Most common overrides
| Override | Effect |
|---|
++sample_storage_path=<dir> | The directory of PDBs to evaluate (required). |
++dataset.task_name=<name> | Target / AME task name (binders, AME). Resolves target PDB + contigs. |
++metric.binder_folding_method=<backend> | colabdesign / rf3_latest / boltz2_default. |
++metric.inverse_folding_model=<model> | protein_mpnn / soluble_mpnn / ligand_mpnn. |
++metric.sequence_types=[self,mpnn,mpnn_fixed] | Which sequence flavors to refold. |
++metric.num_redesign_seqs=N | ProteinMPNN/LigandMPNN redesign count. |
++metric.compute_pre_refolding_metrics=true | Add bioinformatics/TMOL/HBPLUS metrics on the input structures. |
++metric.keep_folding_outputs=true | Save the refolded PDBs (large, but useful for inspection). |
++result_type=<type> | Override default thresholds: protein_binder / ligand_binder / motif_protein_binder / motif_ligand_binder. |
++aggregation.success_thresholds.<…> | Tighten or loosen specific thresholds (see reference/eval_configs.md). |
++eval_njobs=N | Parallel GPUs for the evaluate step. |
++dryrun=true | Plan without running any folding. |
++file_limit=N | Cap input PDBs (handy for first-pass smoke tests). |
Hardware
- GPU: ≥1 CUDA GPU. AF2 (
colabdesign) and RF3 (rf3_latest) need ≥40 GB VRAM (A100/H100/L40S). ESMFold runs on ≥24 GB. Multi-GPU via ++eval_njobs=N.
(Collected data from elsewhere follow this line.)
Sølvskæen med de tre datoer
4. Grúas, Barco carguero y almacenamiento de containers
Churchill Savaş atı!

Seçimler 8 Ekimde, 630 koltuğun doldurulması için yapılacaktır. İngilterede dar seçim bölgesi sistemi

- CPU/disk: 24 CPUs default (
ncpus_: 24). Each refolded PDB + intermediate output is ~1–5 MB; keep_folding_outputs=true can balloon to tens of GB for thousands of inputs.
- See
_shared/reference/hardware.md for per-backend wall-clock and VRAM tables.
Troubleshooting
Error: Config file not found — paths are relative to the repo root; cd to the repo before invoking complexa analysis.
compute_motif_binder_metrics=True but result_type=protein_binder — result_type and the underlying compute_*_metrics must agree. Use configs/evaluate_ame_from_pdb_dir.yaml for AME inputs rather than mutating evaluate_from_pdb_dir.yaml.
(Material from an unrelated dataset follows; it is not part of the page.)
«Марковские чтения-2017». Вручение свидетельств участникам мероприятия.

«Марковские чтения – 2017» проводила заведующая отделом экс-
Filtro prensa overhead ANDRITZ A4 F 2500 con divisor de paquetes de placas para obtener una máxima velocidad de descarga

- RF3 shape errors on AME PDBs — RF3 tries to auto-complete the ligand atoms from CCD. Rename the ligand residue to
L:0 in every input PDB before evaluation; see the snippet in README.md (atom_array.res_name[ligand_mask] = "L:0").
- Diversity step fails (
foldseek not found) — FOLDSEEK_EXEC not on PATH. Either fix .env (preferred) or disable: ++aggregation.compute_diversity=false ++aggregation.compute_mmseqs_diversity=false.
- All pass-rates are 0% — check the
binder_folding_method matches the target type (RF3 for ligand, AF2 for protein) and that ++dataset.task_name resolves to the correct reference PDB (complexa target show <name> to verify).
Reference
Full evaluate/analyze config matrix, every supported result_type, per-threshold defaults, and three worked examples (protein binder / ligand binder / AME): see reference/eval_configs.md.